A module may also be any suitable form of non-transitory computer
readable media storing program instructions executable to perform
specified operations.
[0026] Note that adjustments to the user interface may be applied
to an entire interface or to portions thereof. In some embodiments,
user input indicating to adjust a design property for part of a
user interface may also affect other parts of the interface. For
example, to increase visual prominence of one element, the system
may reduce the size or change the positioning of other elements. In
some embodiments, the system generates multiple adjusted interfaces
or adjusted interface portions based on user adjustment of a design
property and allows a user to select from the set of generated
interfaces/portions. As one example discussed in detail below, a
brush user interface element may be used to "paint" parts of the
interface to adjust design properties for that portion of the
interface.
[0027] Further, note that various techniques discussed herein in
the context of user interfaces may be used to automatically
generate lower-level parameters for various other types of
graphical designs, including other types of electronic media,
designs of physical objects, 3D-printed designs, etc. Similarly,
various input techniques discussed herein via a user interface may
be implemented using other types of input in other embodiments,
such as plain text inputs, voice commands, etc.

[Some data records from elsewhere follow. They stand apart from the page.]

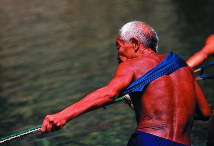 三峡河道落差巨大,逆水行舟因此非常困难。三峡蓄水前,每当此时便全靠纤夫合力拉纤。逆水行驶阻力巨大,加上船只及载货的重量,上行更加困难,所以用以引力的纤绳就很重要。纤绳由16片老丛竹篾编织而成,这种竹篾硬中带柔,粗中有细,不伤皮肤,又方便收拢、盘曲。编成后用石灰水浸泡,再放在水里煮开,以此增加绳索的柔韧度。纤绳很长,一般有54捭(盘起来一圈为一捭),一捭约1.7米,有的河段只需二十多捭,有的河段则需整个54捭。使用时,绳索的一头通过麻编拴在船只的维板杜上,一头拴在纤夫腰间(纤夫们形象地称之为“搭脖子”),船只与纤夫的安危和命运就这样紧紧拴在一起。摄影/郑云峰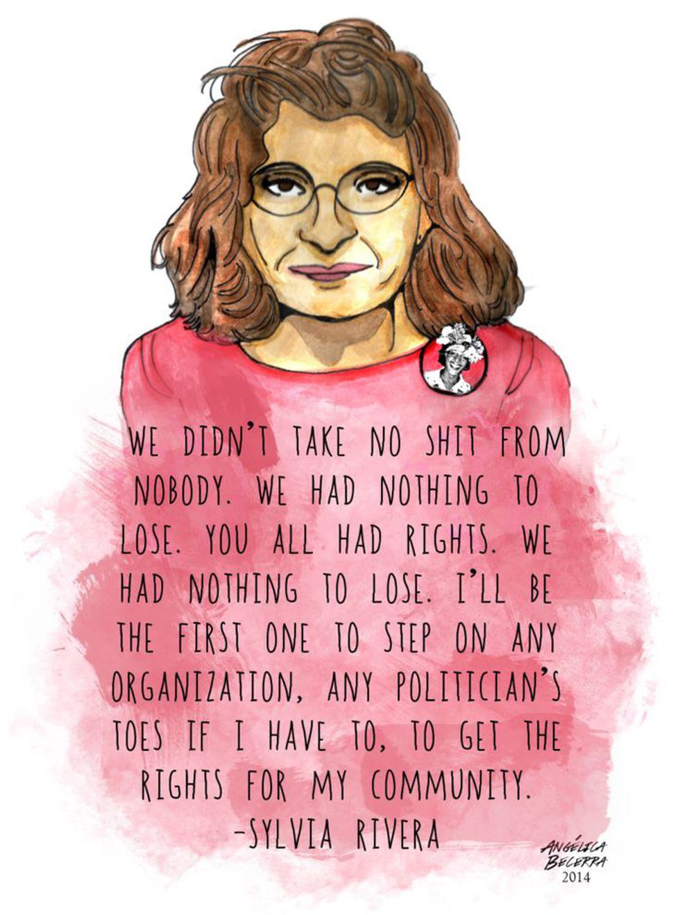 In honor of pride month, as well as President Obama naming the Stonewall Inn the first LGBT monument, talking about Sylvia Rivera seems to be very appropriate.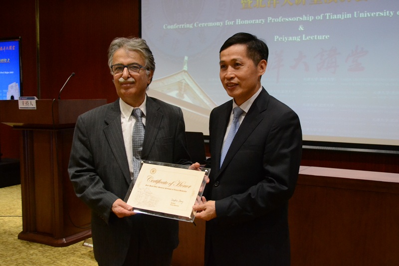 本站讯 (通讯员 赵远)8月17日,西班牙皇家工程院外籍院士、立陶宛科学院外籍院士、美国俄亥俄州立大学Hojjat Adeli教授受聘天津大学名誉教授授予仪式暨北洋大讲堂演讲会在北洋园校区杏荪楼A102报告厅举行。天津大学校长钟登华出席了授予仪式并为Hojjat Adeli教授颁发名誉教授证书。国际合作与交流处处长杨福玲主持了授予仪式。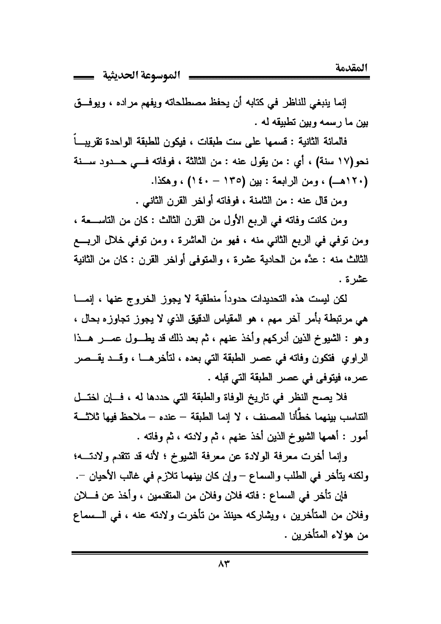 فالمائة الثانية: قسمها على ست طبقات، فيكون للطبقة الواحدة تقريبًا نحو (١٧ سنة)، أى: من يقول عنه: من الثالثة، فوفاته في حدود سنة (١٢٠ هـ)، ومن الرابعة: بين (١٣٥ - ١٤٠)، وهكذا.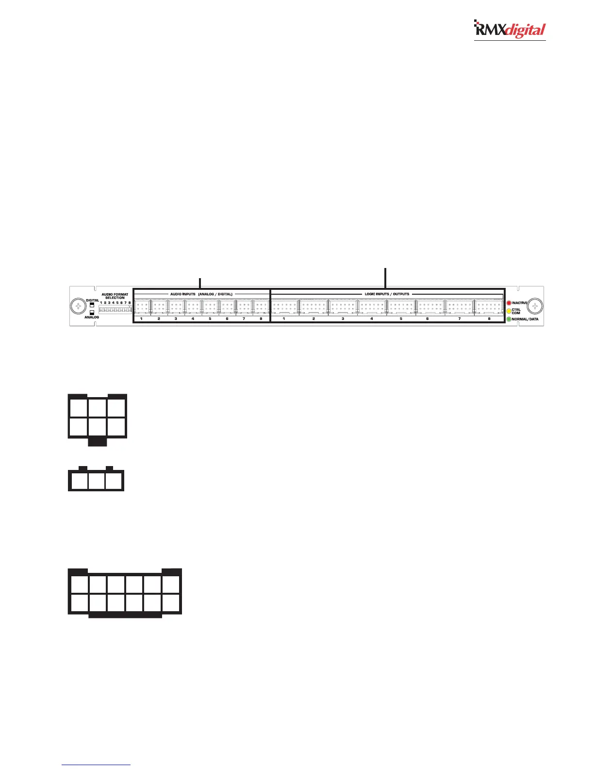 The eight 6-pin audio connectors are individually set as an analog or a digital input by the eight Audio Format DIP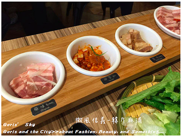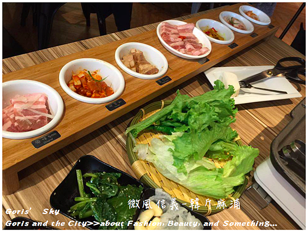 烤的時候也就是這樣都已經切片好的擺放,忽然有點覺得附的剪刀好像也派不上什麼用場,我是覺得韓斤麻浦的肉太薄,吃起來像肉片,不那麼像豬五花,其他韓國烤肉店,大多豬五花比較厚,吃起來紮實,也更有嚼勁,單就這點,我就覺得韓斤麻浦沒那麼正統,吃起來也比較不貼近韓國烤肉,但也不是說不好吃,而是就不是經典,切得過薄,吃起來也就沒那麼過癮。
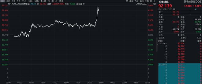 贵金属市场行情 - 现货白银价格在2月27日出现显著拉升,日内涨幅一度扩大至5%,当前报价为92.139美元/盎司 [1] - 现货黄金价格在突破5200美元/盎司后,涨幅再度扩大至1%,当前报价为5224.790美元/盎司 [3]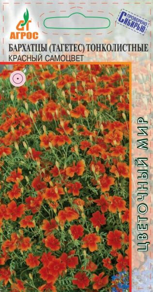 Однолетник с огромным количеством мелких темно-красных соцветий диаметром 2-3 см. Растение изящное, цветение длительное. Причем бутоны и молодые цветки находятся на периферии куста, а отцветшие – внутри, что придает растению постоянно свежий и аккуратный вид. Бархатцы тонколистные обладают своеобразным, сильным и приятным ароматом. Бархатцы неприхотливые, быстрорастущие, засухоустойчивые и светолюбивые растения, но выносят небольшое затенение, поэтому ими можно оформлять участки с северной стороны строений. Зацветают через 2 месяца после посева. Семена на рассаду высевают в начале апреля, но для более раннего цветения их можно посеять в марте. В грунт высаживают, когда минует угроза заморозков. Всходы появляются через 10-14 дней. Бархатцы гармонично выглядят в любых цветниках. Их можно использовать в контейнерах и корзинах, высаживать в балконные ящики. Кроме того, бархатцы оказывают санитарное воздействие на почву. Хорошо и долго стоят в срезке. 25-30 III-IV V V-VI 30x30 VI-IX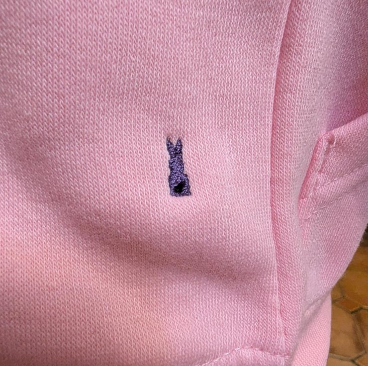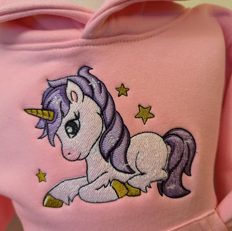 Machine embroidered unicorn lying down, on a pink hooded sweatshirt for age 2.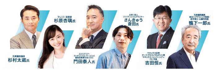 杉村太蔵氏、杉原杏璃氏、鴨下一郎氏など、メディアでも注目されている講師が登壇し、資産防衛や資産運用などさまざまなテーマで講演します。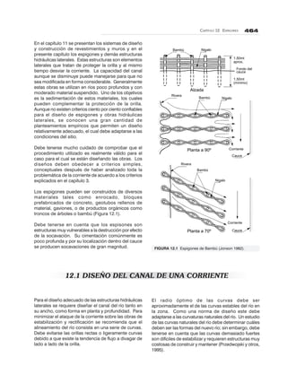 Este documento describe diferentes estructuras utilizadas para la estabilización de riberas, incluyendo espigones cortos, espigones largos y diques longitudinales. Explica que los espigones son estructuras que desvían la corriente para prevenir la erosión de orillas y establecer un cauce más estable. También describe los diferentes tipos de materiales con los que se pueden construir espigones, así como su diseño y forma.
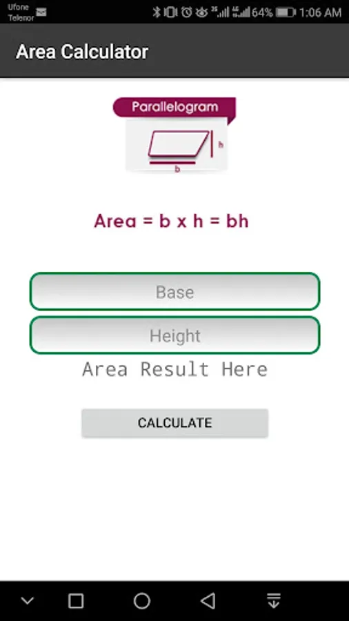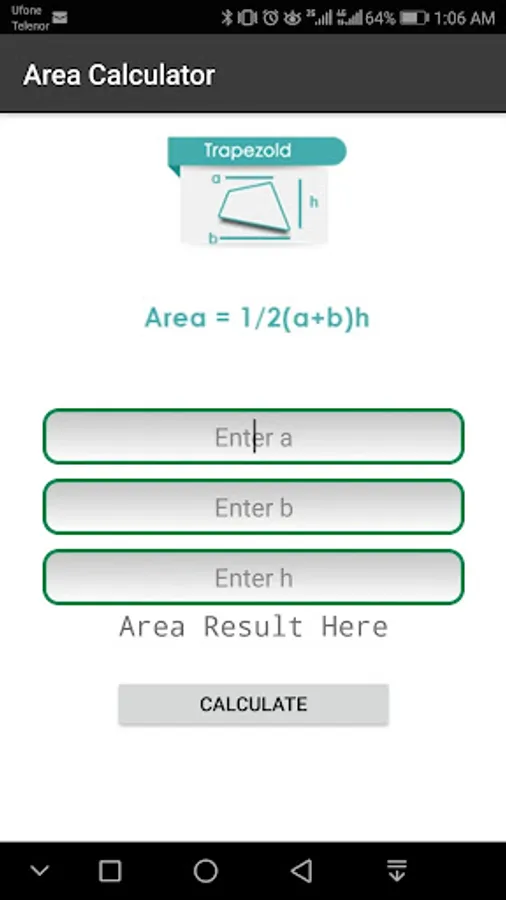 Area calculator will work efficiently and smoothly to calculate correct results out of your given area measurements of the shapes of your choice. Just take a look at the measurements of your area and enter and quickly find them with area calculator. Area calculator app is absolutely free and easy to use also.

Example Brush User Interface Element
[0028] FIG. 2 is a block diagram illustrating an example interface
with a brush element for receiving user input, according to some
embodiments. In the illustrated embodiment, an interface shows a
current interface portion 210, a select brush portion 220, and a
configure brush portion 230.
[0029] Current interface 210, in the illustrated embodiment, shows
the current formatting of a user interface being adjusted by a
user. The system may alter current interface 210 to reflect
formatting adjustments based on user input. In some embodiments,
when a user selects and drags brush element 240 over interface 210
(e.g., using a mouse or touchscreen) the system may adjust
formatting parameters for elements of interface 210 that underlie
brush element 240.
[0030] Select brush portion 220, in the illustrated embodiment,
allows for a selection from among four different types of brushes:
type, layout, color, and mood. Note that these brush types are
included for purposes of explanation but are not intended to limit
the scope of the present disclosure. In some embodiments, a given
design parameter associated with a brush corresponds to multiple
lower level formatting parameters. The type brush may adjust font,
text size, or boldness, for example. In some embodiments, the type
brush operates according to a type hierarchy, where one direction
moves up the hierarchy and the other direction moves down the
hierarchy. The color type brush may adjust color, opacity,
brightness, hue, or contrast, for example. The layout type brush
may adjust positioning or spacing, for example. The mood type brush
may adjust color, spacing, or font, for example. Note that a given
brush type may be used to adjust to multiple design properties or
multiple brush types may be selected and applied in parallel.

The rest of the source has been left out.